- Social Security's cost-of-living adjustment for 2022 will be 5.9%, the highest in decades.
- Yet high inflation and more expensive Medicare Part B premiums will limit just how much more beneficiaries could see in their monthly checks.
- You can take steps now to protect your income by being strategic about your Medicare coverage and planning ahead for how higher benefits could affect your taxes.
Despite the biggest cost-of-living adjustment in decades, Social Security beneficiaries may still find it challenging to make their monthly checks stretch farther next year.
The reasons: Inflation is continuing to drive up consumer prices, while standard Medicare Part B premiums will rise by 14.5% in 2022 in a bigger-than-expected jump.
The Consumer Price Index, a government measure for the change in prices over time, climbed 6.2% year-over-year in October, marking the biggest inflation increase in 30 years.
Standard Medicare Part B premiums will be higher next year as well, due in part to a new, expensive Alzheimer's drug.
That could affect how much people from Social Security's 5.9% cost-of-living adjustment for next year.
"Inflation is still running ahead of the COLA amount right now," said Mary Johnson, Social Security and Medicare policy analyst at The Senior Citizens League, a nonpartisan senior group.
"If inflation moderates, buying power may improve," she said.
Those with the lowest monthly Social Security benefits — around $366 per month — will see no increase at all next year, based on The Senior Citizens League's calculations. Higher benefits — around $2,870 per month — will see about a 5.1% increase.
To plan for those changes next year — and to make the most of the cost-of-living adjustment — there are some things you should do now.
The Social Security Administration will provide statements with your official monthly benefits for next year.
While you are waiting for that, you can calculate how much you can expect to receive on your own. Take your monthly benefit from this year and multiply it by 1.059 in order to determine how much of an increase you will see from next year's cost-of-living adjustment. Then, subtract your estimated Medicare Part B premium based on your income tier.
Keep in mind that people with incomes above certain levels will pay more for Medicare Part B due to what's known as Income-Related Monthly Adjustment Amounts, or IRMAAs.
The Social Security Administration generally starts sending mailed notices of the new benefit amounts in early December. However, most beneficiaries will be able to see that information through their online My Social Security accounts.
You may still have time to find a better rate for your health coverage through Medicare open enrollment, which lasts until Dec. 7.
You may opt for a Medicare Advantage plan, which provide Medicare benefits through a private insurer.
By selecting a Medicare Advantage plan, you may be able to find broader coverage for as much or less than what Part B premium will cost you, said Sri Reddy, senior vice president of retirement and income solutions at Principal Financial Group.
"You would be doing yourself an injustice if you didn't shop around and make sure you have the best coverage and the best price," Reddy said.
The variety of Medicare Advantage plans available will vary depending on where you live, according to Johnson.
You may still be able to "save considerably" just by changing your Medicare Part D coverage for prescription drugs, Johnson said.
From year to year, the private insurers that run those plans may drop coverage for certain prescriptions completely, or they can change their coverage tiers, which could mean you will pay much more for the same drugs.

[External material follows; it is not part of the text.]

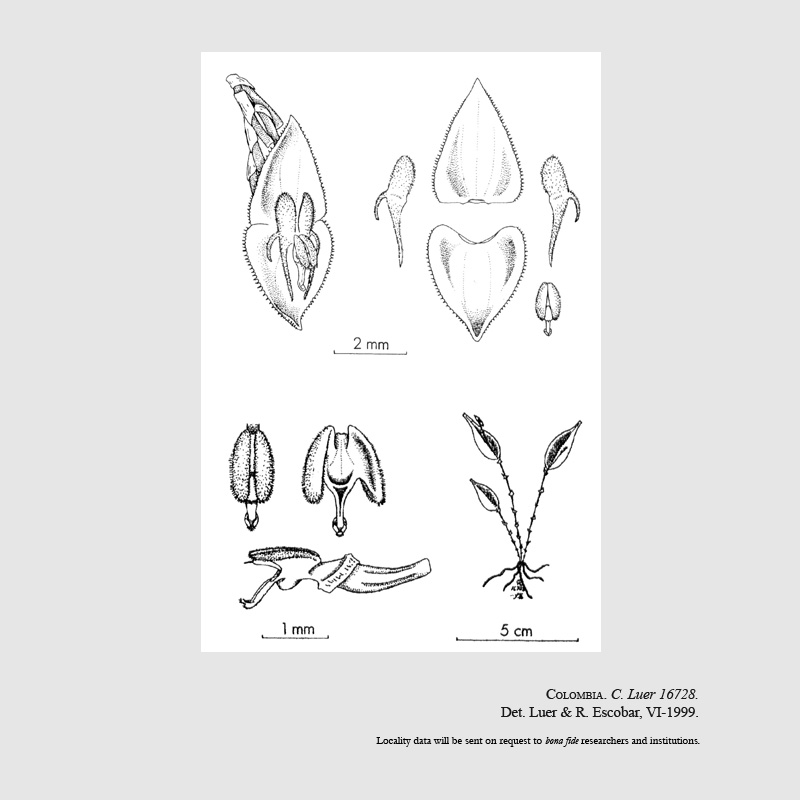 References W3 Tropicos, Kew Monocot list , IPNI ; *Orquideologia Vol 21 #2 pg 154 Luer & Escobar 1999 drawing fide; Icones Pleurothallidinarum Vol XXXII Luer 2012 drawing fide; Orchids, A Colombian Treasure Vol 3 Ortiz & Uribe 2019 drawing/photo fide;

"There's any number of pitfalls that can happen," Johnson said.
The key is to read the fine print before signing up.
"If you catch some issue or problem, it can save you hundreds and even thousands of dollars by making a move to a more efficient plan, either your health plan or your drug plan," Johnson said.
A 5.9% cost-of-living adjustment in 2022 will push up the gross amount of your benefits and your income. The result: More of your Social Security benefits could be subject to taxes.
This would affect you in the 2022 tax year, and come due in the 2023 tax season, Johnson said, which means there's time to plan ahead.
By consulting a tax advisor, you can work to identify the best strategy for you. That could include having more money withheld for taxes from either your Social Security benefits or your retirement account distributions or making other adjustments.
Local senior centers may have tax professionals available to help for reduced costs, Johnson said. In addition, your local Agency on Aging may have Medicare counselling services available.